İsmail Tansu’nun Aslında Kimse Uyumuyordu adlı kitabı, birkaç yıl önce biraz ilgi uyandırmıştı. İsmail Tansu, Kıbrıslı Türklerin Rum milliyetçilerine karşı özsavunma örgütü olarak tasarlanan TMT’yi (Türk Mukavemet Teşkilatı) Türk Genelkurmayı bünyesinde örgütleyen subaylardandı. Kitabında, bir grup milliyetçi subay olarak, kendilerine verilen bu görev tanımının sınırlarını zorladıklarını, uygun şartlar hasıl olduğunda adayı ele geçirme emeline hizmet edebilecek bir örgüt kurmaya yöneldiklerini, kendi üstlerini ve hükümeti de buna ikna etmeyi başardıklarını anlatır.

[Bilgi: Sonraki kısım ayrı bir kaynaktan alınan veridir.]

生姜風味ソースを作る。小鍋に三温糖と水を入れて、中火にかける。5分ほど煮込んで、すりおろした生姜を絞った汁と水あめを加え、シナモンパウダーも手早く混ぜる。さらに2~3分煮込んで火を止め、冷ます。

‘Derin devlet’ işleyişiyle ilgili hayli zihin açıcı olan kitapta, Denktaş’ın bu emele uygun lider adayı olarak nasıl seçildiği ve desteklendiği de anlatılır. İsmail Tansu, çok ‘hoş’ bir ifade kullanır anlatırken: Hedefe varmak için ‘yerli işbirlikçilere’ ihtiyaç duyulduğunu, Denktaş’ın da buna uygun olduğunu söyler. Sâfiyâne sarfediliveren ‘yerli işbirlikçi’ sözü, çok şey anlatmıyor mu bize? Kıbrıs adına biçilen ‘millî dava’nın, ‘yerli işbirlikçilere’ ihtiyaç gösterdiğine göre, ‘yerli olmayan’, demek ‘ora’ için ‘yabancı’ ya da ‘dışsal’ bir dava olduğunu düşündürmüyor mu?

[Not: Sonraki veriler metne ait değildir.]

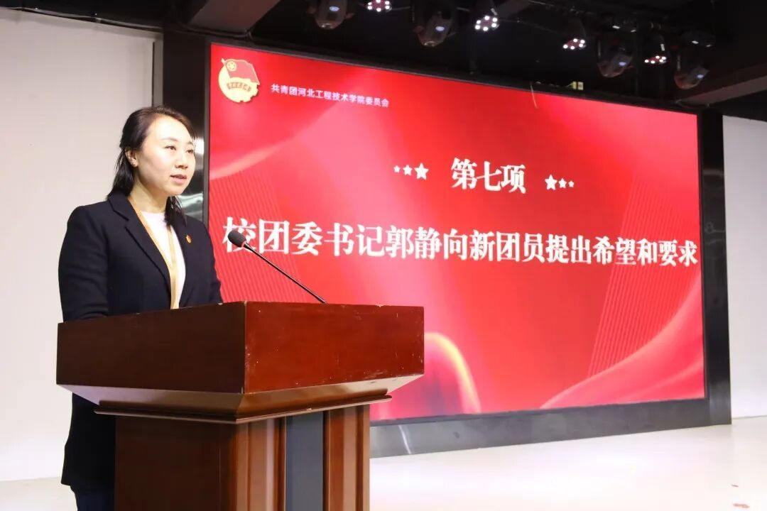 校团委书记郭静在讲话中首先向全体新团员表示祝贺。她回顾了一年来学校共青团在思想引领、组织建设、文化育人、实践服务等方面的工作,并充分肯定了广大团员青年的积极作用。

Denktaş’ın ‘Kıbrıslı’ diye bir kimliği asla kabûl etmediğini, ‘Türk’ ve ‘Rum’dan başkasını tanımadığını, Kıbrıslı olarak sadece Kıbrıs eşeğinden bahsedilebileceğini söylediğini biliyoruz. Milliyetçiliğin, her insanı kendi yurdunda bir tür ‘işbirlikçi’ olmaya zorlayan ideolojisi böyledir işte: İnsanları, o insanların meselelerini, hayatları, doğayı görmez, hatta hor bakarsınız onlara. Sadece, bunlarla ilişkisi gitgide kesilen ‘millet’e ve milletlere takılı kalır bakışınız.